Assignment
In the records below, repeat exactly the lines between the line holding "EDS mapping of" and the line holding "每一个时间段一些学生们就会特", inclusive, and drop the pictures.

[[ Data extract, beginning ]]

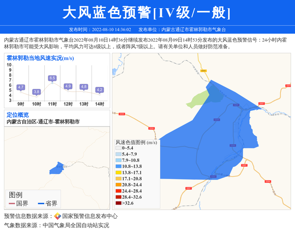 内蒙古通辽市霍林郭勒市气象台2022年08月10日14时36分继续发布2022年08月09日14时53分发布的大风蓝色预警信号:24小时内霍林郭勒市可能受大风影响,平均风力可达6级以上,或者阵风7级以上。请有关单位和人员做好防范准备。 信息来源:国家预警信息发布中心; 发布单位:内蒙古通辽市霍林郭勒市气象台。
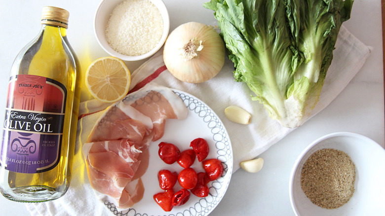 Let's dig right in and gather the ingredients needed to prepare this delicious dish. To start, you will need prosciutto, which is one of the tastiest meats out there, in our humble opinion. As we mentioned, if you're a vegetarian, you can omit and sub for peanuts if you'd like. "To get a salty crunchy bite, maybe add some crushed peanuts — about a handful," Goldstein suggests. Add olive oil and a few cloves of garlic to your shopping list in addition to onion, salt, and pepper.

[[ Data extract, end ]]
[[ Data extract, beginning ]]

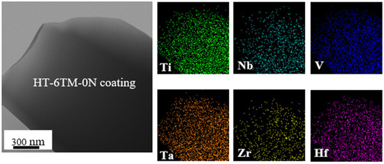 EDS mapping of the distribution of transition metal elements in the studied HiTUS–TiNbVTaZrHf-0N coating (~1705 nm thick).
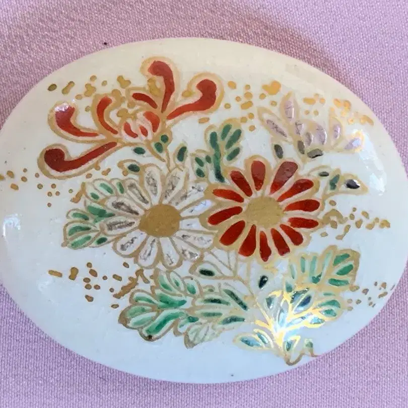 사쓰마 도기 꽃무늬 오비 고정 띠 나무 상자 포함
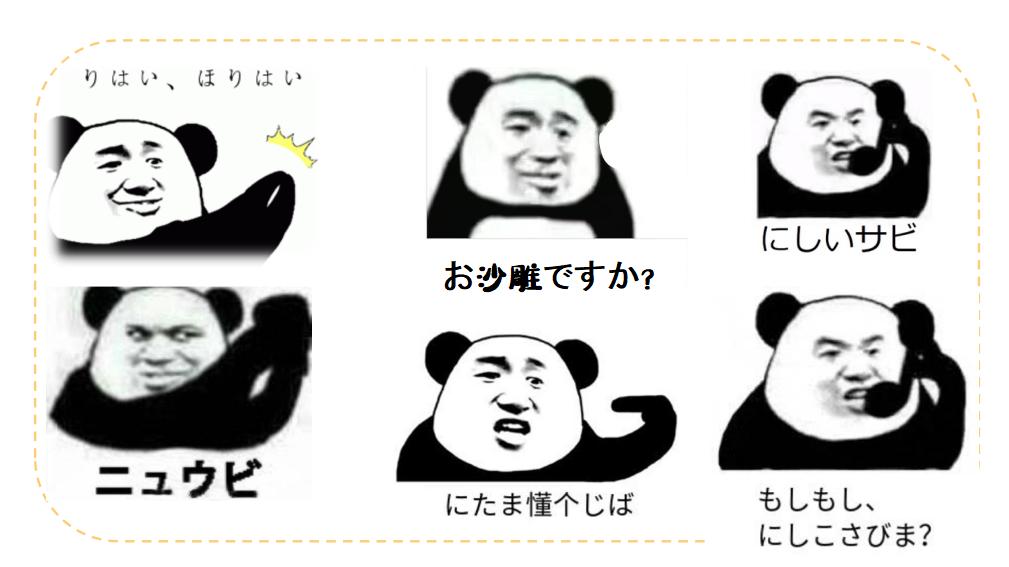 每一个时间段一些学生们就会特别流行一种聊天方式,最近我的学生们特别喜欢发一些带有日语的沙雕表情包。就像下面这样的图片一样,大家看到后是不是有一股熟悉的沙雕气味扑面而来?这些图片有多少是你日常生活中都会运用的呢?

[[ Data extract, end ]]
[[ Data extract, beginning ]]

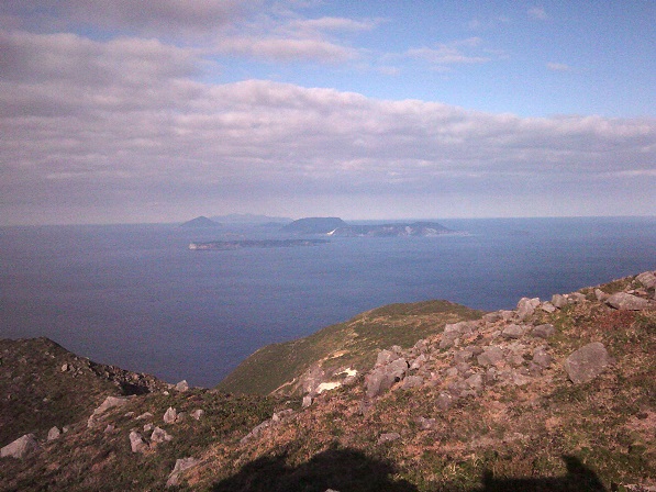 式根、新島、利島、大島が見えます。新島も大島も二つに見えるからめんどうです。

[[ Data extract, end ]]

Task answer
 EDS mapping of the distribution of transition metal elements in the studied HiTUS–TiNbVTaZrHf-0N coating (~1705 nm thick).
 사쓰마 도기 꽃무늬 오비 고정 띠 나무 상자 포함
 每一个时间段一些学生们就会特别流行一种聊天方式,最近我的学生们特别喜欢发一些带有日语的沙雕表情包。就像下面这样的图片一样,大家看到后是不是有一股熟悉的沙雕气味扑面而来?这些图片有多少是你日常生活中都会运用的呢?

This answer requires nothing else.